On the day before the biggest game of his life, Bergeron listened to what Recchi told him. Then he went out and helped the Boston Bruins win a Game 7 for the Stanley Cup.
"I was getting nervous," said Bergeron. "His advice was to relax, go out and play. Elevate your game. I did that."
He doesn't want to repeat the past -- yet he does because it's a part of his resume.
The pain kept Patrice Bergeron from watching his teammates play. Not from the press box, not from his TV at home after playing in 10 games in 2008-09.
"I couldn't do anything," Bergeron explained. "The light was bothering me. The noise was bothering me. Everything was.
"It was giving me headaches, making me dizzy. I couldn't do anything to pass the time. I was pretty much trying to go through the day, trying to sleep and rest -- and feel better."
Boston GM Peter Chiarelli praised the forward's mental toughness.
"He's a very strong person, strong-willed," Chiarelli said. "Quiet, but strong-willed."
Bergeron is getting his game timing back. He wants to prove he's the same player he was before the concussion. Even after the second concussion.
"The game speed is what I need to adjust to the most," Bergeron said. "All my skills are there. It's matter of finding the back of the net pretty much.
"That's the risk you take when you step out on the ice," Bergeron said, insisting he was never concerned the injury could be career-ending. "It never crossed my mind. I know I'll be back. I'll be back as soon as I can. Whatever happens, it's going to be the best for me, and I hope it will be this year."

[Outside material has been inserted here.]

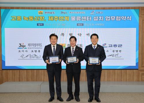 [½Åµ¿¾Æ¹æ¼Û°íÈï=¹Ú±¤¿Á±âÀÚ] °íÈﱺ(±º¼ö °ø¿µ¹Î)Àº 18ÀÏ Àü³²µµÃ» ¼­ÀçÇʽǿ¡¼­ Àü¶ó³²µµ, Á¦ÁÖÆ¯º°ÀÚÄ¡µµ¿Í 3ÀÚ °£ ³ìµ¿½ÅÇ׿¡ Á¦ÁÖ »ý»êǰÀÇ ³»·ú ¿¬°è ¹°·ù°ÅÁ¡ Á¶¼ºÀ» À§ÇÑ ¾÷¹«Çù¾àÀ» ü°áÇß´Ù. À̳¯ Çù¾à½Ä¿¡´Â °ø¿µ¹Î °íÈﱺ¼ö¿Í ±è¿µ·Ï Àü¶ó³²µµÁö»ç, ¿À¿µ¡¦

He was fitted for a new one-piece helmet with softer padding that's designed to absorb the repeated hits that a player takes through the course of the game. And as far as getting cleared to play again, Bergeron believes that’s a mere formality.
At the worst point, Bergeron remembers making his way home to Quebec City, during his absence from hockey, the first time in some five weeks he strayed more than a few miles from his downtown Boston condo. With his mother, Sylvie Bergeron-Cleary, at the wheel, they motored the six-plus hours north, leaving behind both TD Banknorth Garden and a growing, irritating case of cabin fever.
"The walls were kind of closing in on me at the end," he recalled. "So it was good to get out of there, you know, to get a change of scenery, see my family. But most important, just be able to relax, have some quiet time . . . and just look at something different than those walls."
He said he stretched every day and goes for walks. With his improved concentration and focus, he has been able to make those walks a little longer each day.
Improvement a few steps at a time.
That in a nutshell is Patrice Bergeron. He explained that when he was drafted he took everything much more seriously, starting with nutrition and training his body.
"I realized I could get there and I could get to the next level," said Patrice. "I was always at the gym, but I felt that with a personal trainer, I would do the right things and they would teach me really what to do.
"Now, I’m working out with other NHL'ers and they have the same goal that I do. Having that makes you want it even more and sometimes you see them putting more weight than you on certain drills, so you want to catch up.
"It’s just, I guess, a challenge for me in the summer and it helps me get ready for the season."
"Relentless," is the word that Julien used to describe Bergeron.
The evolution of Patrice Bergeron, the high and lows, shows a very determined athlete just coming into his own.